AI Depth Estimation with Nav2 Costmap

Overview
Requirements
Tutorial Steps

Overview

Traditional 3D navigation typically requires expensive hardware like LiDAR or Stereo/RGB-D depth cameras. This pipeline allows a standard monocular camera (in this example, a USB camera) to behave like a depth sensor by leveraging an AI model, which estimates depth from 2D images. The resulting depth image is then converted into PointCloud2 message that Nav2 can use as Voxel costmap layer for obstacle avoidance and path planning, enabling cost-effective navigation on the robots.

What is Depth Anything 3 AI model?

Depth Anything 3 (DA3) is an AI model that predicts spatially consistent geometry from an arbitrary number of visual inputs, with or without known camera poses.

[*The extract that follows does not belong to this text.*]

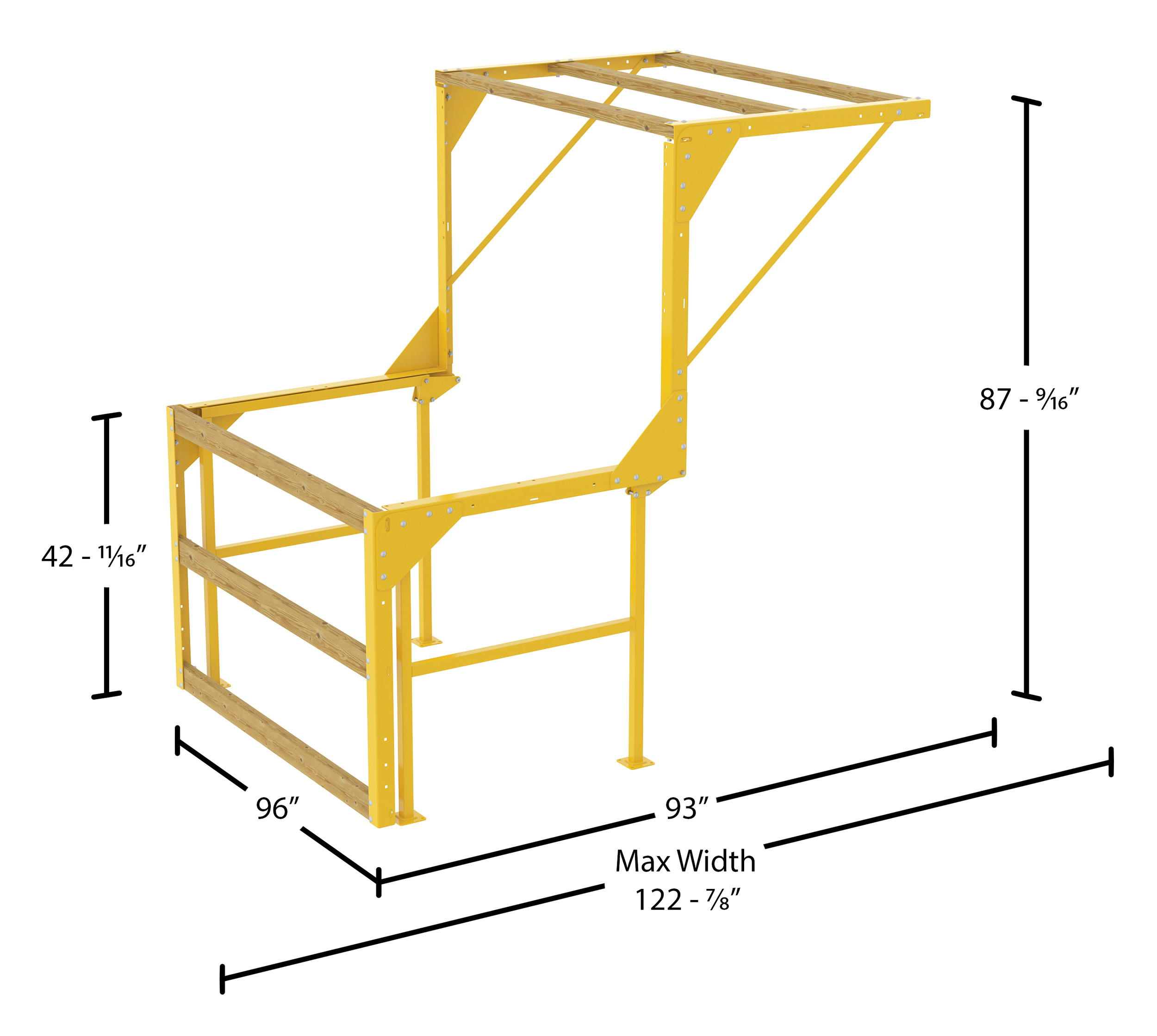 Steel Mezzanine Safety Gate Knockdown 87-3/16 In x 96 In x 87-9/16 In YellowThis mezzanine safety gate provides an OSHA required 42" high handrail. To accommodate the load height when utilizing a standard 48"W x 48"D pallet load positioning within the gate is critical. For greatest amount of clearance and item placement flexibility, shorter loads are recommended. Gate design is balanced to allow for easy operation without use of springs. Construction is welded steel with a baked-in powder-coated finish for increased toughness. Ships knockdown to the customer. Wooden cross rails are not included and must be supplied by the customer.

For more details. In this tutorial, we are using ROS 2 implementation of Depth Anything 3 [2], which provides the ROS 2 composable node to run the inference of the DA3 model. The attached image shows Rviz2 with two image views, one is showig the Color Image topic and other is showing Depth Image topic, published by DA3 ROS2 Node.

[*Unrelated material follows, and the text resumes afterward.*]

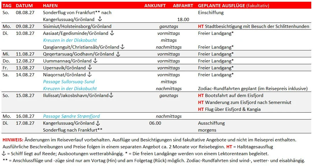 Seit vielen Jahren bieten wir nun schon Kreuzfahrten nach Grönland an und die Nachfrage ist weiterhin so stark, dass die von uns im Katalog 2026 veröffentlichte Kreuzfahrt mit MS HAMBURG am 27.08.2026 bereits jetzt ausgebucht ist!

Pipeline to process image

../../_images/depth_ai_data_pipeline.png

The data flows sequentially through five distinct steps:

USB Cam Node: Captures the raw RGB video stream from your physical camera. This may be easily replaced with a camera from any source, not only a USB camera.
Crop Decimate Node: Crops or skips pixels to remove unneeded peripheral data and save processing power.
Resize Node: Scales the image down to match the exact input dimensions required by the AI model.
Depth Anything V3 Node: Processes the 2D image and calculates an estimated depth map.
Point Cloud Projection: Converts the 2D depth map into a 3D Point Cloud (sensor_msgs/msg/PointCloud2), which Nav2 can natively understand.

Note

In this tutorial, we are using Depth Anything V3 TensorRT ROS 2 package to run the inference of the DA3 model. This model already provides the depth estimation and point cloud projection functionalities, so we have commented out the pointcloud node. If your are using different model, then you just need to configure the required parameters for the nodes in the nav2_depth_estimation_ai package and launch the pipeline.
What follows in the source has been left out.